• [Records shown]
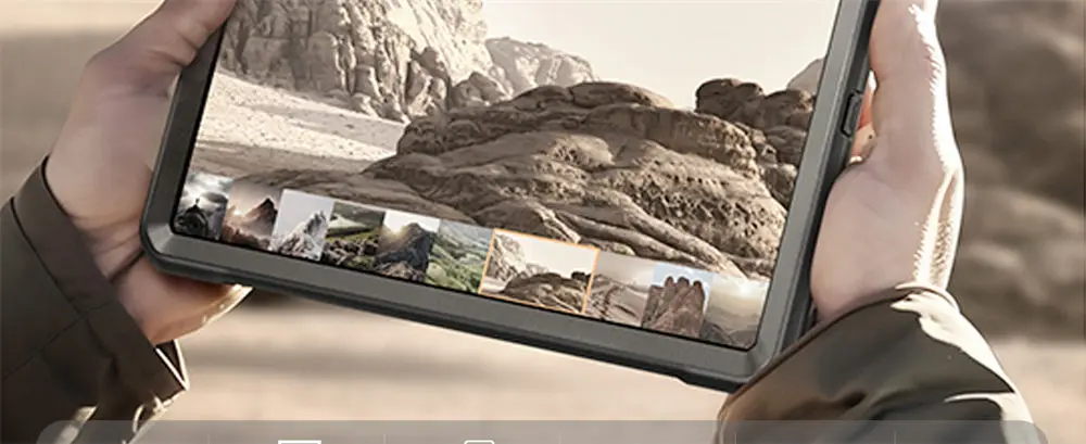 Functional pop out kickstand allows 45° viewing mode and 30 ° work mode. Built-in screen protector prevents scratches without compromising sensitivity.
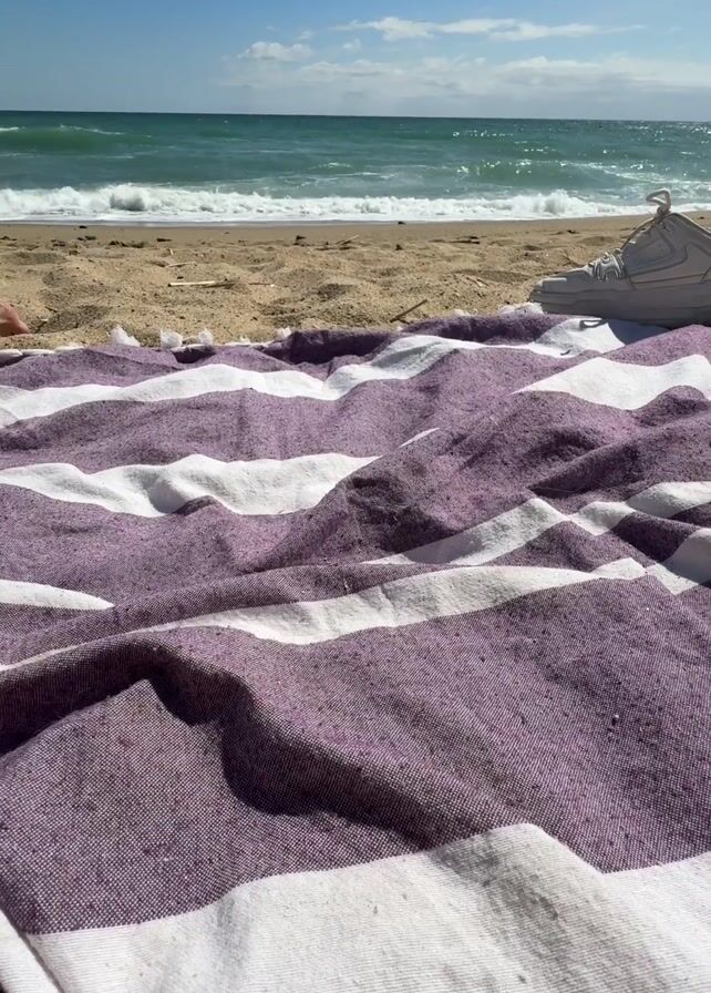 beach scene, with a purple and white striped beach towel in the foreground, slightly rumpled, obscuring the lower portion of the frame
==
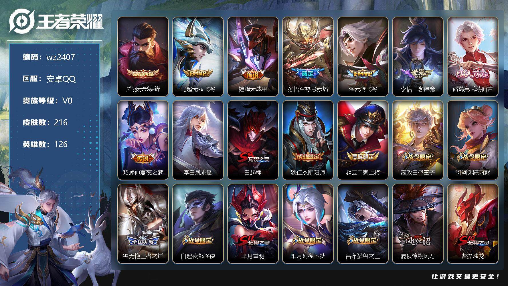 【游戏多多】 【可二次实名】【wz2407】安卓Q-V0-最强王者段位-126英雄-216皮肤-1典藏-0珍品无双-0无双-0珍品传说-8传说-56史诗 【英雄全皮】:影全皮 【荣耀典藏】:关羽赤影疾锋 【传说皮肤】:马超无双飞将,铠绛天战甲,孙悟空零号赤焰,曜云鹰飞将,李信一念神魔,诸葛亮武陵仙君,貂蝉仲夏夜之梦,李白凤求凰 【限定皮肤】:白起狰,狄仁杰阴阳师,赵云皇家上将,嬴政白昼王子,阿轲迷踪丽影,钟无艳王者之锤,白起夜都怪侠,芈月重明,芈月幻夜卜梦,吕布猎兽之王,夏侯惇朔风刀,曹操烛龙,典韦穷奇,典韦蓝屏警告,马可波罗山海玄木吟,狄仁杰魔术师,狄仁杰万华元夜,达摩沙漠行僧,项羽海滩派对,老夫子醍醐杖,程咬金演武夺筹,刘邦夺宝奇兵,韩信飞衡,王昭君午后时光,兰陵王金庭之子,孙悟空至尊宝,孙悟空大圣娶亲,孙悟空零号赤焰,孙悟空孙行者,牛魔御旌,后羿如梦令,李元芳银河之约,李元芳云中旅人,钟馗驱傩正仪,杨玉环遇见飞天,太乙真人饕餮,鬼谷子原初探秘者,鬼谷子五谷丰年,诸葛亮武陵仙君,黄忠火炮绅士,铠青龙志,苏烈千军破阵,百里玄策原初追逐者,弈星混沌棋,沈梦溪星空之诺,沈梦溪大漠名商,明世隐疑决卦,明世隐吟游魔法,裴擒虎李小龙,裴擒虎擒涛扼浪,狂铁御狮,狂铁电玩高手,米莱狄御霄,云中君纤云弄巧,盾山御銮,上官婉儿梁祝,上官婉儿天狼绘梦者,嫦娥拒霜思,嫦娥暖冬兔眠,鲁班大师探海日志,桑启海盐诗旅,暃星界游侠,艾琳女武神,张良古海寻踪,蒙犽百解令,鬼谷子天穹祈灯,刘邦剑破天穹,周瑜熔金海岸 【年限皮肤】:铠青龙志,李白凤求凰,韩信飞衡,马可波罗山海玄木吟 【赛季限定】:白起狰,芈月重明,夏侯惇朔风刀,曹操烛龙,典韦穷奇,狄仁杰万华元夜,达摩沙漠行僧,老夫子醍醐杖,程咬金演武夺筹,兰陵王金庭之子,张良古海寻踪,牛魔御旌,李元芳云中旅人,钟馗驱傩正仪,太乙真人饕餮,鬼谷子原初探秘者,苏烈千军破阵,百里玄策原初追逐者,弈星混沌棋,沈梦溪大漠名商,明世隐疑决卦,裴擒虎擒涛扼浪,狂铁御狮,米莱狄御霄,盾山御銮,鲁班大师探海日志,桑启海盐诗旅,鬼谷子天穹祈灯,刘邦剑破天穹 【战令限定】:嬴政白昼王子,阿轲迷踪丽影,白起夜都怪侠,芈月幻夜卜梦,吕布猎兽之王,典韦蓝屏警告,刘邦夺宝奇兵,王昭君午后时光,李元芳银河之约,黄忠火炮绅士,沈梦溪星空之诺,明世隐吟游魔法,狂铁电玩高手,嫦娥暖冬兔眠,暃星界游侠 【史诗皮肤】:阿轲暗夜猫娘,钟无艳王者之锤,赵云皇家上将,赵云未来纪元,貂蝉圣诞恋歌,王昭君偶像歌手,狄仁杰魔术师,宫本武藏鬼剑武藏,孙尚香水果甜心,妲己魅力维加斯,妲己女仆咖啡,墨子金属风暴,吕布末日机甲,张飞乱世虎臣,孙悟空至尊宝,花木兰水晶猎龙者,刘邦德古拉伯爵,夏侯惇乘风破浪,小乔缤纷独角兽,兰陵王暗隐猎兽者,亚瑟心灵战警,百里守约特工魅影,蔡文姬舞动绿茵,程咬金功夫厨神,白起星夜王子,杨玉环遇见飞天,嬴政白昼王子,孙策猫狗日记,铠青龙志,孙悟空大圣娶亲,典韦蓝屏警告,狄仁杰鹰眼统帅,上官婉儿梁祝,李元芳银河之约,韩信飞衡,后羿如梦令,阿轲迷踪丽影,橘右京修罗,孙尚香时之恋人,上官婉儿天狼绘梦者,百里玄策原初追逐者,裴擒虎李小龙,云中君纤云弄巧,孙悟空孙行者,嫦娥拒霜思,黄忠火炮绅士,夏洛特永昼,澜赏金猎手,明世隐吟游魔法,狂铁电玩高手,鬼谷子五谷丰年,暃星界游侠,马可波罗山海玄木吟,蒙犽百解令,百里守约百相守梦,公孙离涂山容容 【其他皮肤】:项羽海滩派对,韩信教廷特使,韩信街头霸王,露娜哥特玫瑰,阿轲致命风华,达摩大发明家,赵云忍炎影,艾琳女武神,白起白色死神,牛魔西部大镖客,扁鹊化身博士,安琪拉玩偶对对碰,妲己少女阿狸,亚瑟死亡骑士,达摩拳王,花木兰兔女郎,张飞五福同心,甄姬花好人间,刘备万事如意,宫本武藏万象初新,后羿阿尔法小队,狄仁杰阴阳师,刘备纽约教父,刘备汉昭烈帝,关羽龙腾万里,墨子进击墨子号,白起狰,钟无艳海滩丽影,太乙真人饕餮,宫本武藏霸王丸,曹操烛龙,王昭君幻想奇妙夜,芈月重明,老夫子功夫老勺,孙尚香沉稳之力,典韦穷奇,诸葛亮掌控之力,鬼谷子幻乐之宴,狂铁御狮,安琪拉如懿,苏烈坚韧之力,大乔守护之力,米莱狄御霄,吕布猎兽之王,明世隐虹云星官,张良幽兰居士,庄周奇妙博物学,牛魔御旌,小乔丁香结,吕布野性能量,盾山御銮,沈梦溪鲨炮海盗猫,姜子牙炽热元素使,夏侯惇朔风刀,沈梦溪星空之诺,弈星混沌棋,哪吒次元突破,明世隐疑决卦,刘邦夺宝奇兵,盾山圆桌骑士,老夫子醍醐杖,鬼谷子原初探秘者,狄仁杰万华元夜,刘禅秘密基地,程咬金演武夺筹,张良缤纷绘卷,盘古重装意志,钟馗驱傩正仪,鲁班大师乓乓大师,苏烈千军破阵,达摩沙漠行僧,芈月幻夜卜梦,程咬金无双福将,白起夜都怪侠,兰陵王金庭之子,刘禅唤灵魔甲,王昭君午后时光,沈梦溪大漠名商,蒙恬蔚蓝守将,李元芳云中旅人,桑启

• [Instructions to follow] Copy needed, without pictures: the lines of the listing above from the line containing "Functional pop out" up to and including the line containing "beach scene, with", set down exactly.

• [Reply to the task]
 Functional pop out kickstand allows 45° viewing mode and 30 ° work mode. Built-in screen protector prevents scratches without compromising sensitivity.
 beach scene, with a purple and white striped beach towel in the foreground, slightly rumpled, obscuring the lower portion of the frame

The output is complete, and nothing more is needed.